Making the change through acute medical team education: Inpatient risk assessment of stable pulmonary embolism cases at high risk of deterioration
Introduction
The safety of optimal management of acute sub-massive or massive pulmonary embolism (PE) with thrombolytic agents remains unclear.1 Thrombolytic agents reduce mortality and improve right ventricular function, but increase the risk of major haemorrhage and stroke.2–4 Our project reviews current management of acute PE with evidence of myocardial necrosis and right ventricular strain, improving awareness by educating the medical teams and how best to investigate and treat such cases.
Method
A retrospective analysis of cases ICD-10 coded diagnoses of PE was carried out via data collected from diagnostic imaging reports, discharge summaries and case notes. Study cycles included the first cohort of 56 patients identified between August 2017 and July 2018, the second cohort of 91 patients between August 2018 and January 2019.
Educational and quality improvement interventions included presentation of data to acute and general internal medical teams and regional venous thromboembolism multidisciplinary teams, departmental teaching sessions, review and upgrade of trust policy on use of thrombolytic agents in sub-massive or massive PE. Data points of concern included evidence of myocardial necrosis via serum high-sensitivity troponin I (HS Trop I), transthoracic echocardiography (TTE) or computed tomography pulmonary angiography (CTPA) evidence of right ventricular strain, documented use of thrombolytic agents and any complications.
Results
Patients with large clot burden were identified in 26/56 (46%) of cohort 1 cases and 55/91(60%) of cohort 2. Only 19 (33%) cases in cohort 1 and 62 (68%) in cohort 2 received HS Trop I investigation.

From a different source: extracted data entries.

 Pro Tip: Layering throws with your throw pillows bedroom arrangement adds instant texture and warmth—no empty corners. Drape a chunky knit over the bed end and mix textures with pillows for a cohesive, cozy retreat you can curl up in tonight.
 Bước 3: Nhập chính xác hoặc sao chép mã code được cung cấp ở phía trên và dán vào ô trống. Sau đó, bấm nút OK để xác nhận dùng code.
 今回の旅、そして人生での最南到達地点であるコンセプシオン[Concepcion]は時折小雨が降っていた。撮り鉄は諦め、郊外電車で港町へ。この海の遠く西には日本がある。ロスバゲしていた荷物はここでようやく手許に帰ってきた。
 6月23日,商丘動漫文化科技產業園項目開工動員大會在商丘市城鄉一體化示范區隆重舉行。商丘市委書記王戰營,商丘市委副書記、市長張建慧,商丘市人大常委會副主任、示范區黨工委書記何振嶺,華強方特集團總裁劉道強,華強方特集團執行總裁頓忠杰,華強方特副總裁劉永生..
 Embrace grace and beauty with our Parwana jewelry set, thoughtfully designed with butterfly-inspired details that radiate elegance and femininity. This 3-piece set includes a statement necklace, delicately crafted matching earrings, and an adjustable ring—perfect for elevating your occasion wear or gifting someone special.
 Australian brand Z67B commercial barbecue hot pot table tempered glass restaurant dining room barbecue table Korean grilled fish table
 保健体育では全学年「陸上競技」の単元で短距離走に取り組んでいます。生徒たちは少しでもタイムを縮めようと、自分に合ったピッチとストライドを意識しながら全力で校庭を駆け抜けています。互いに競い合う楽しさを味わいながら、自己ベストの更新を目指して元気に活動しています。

TTE was completed in 9/56 (16%) of cases in cohort 1 and 17/91(18%) in cohort 2. These results indicate a poor initial utilisation of critical diagnostic investigations for risk stratifying acute PE. Following the quality improvement intervention described, we observed significant improvement in the post-PE use of HS Trop I but not in TTE uptake.
Of particular interest were 20 patients in cohort 2 with a HS Troponin I of >100 mmol/L, indicating myocardial necrosis. Within these 20 patients were 11 mentions of right ventricular dysfunction on CTPA, and four on inpatient TTE. Overall 15 of these 20 patients met the criteria for thrombolysis.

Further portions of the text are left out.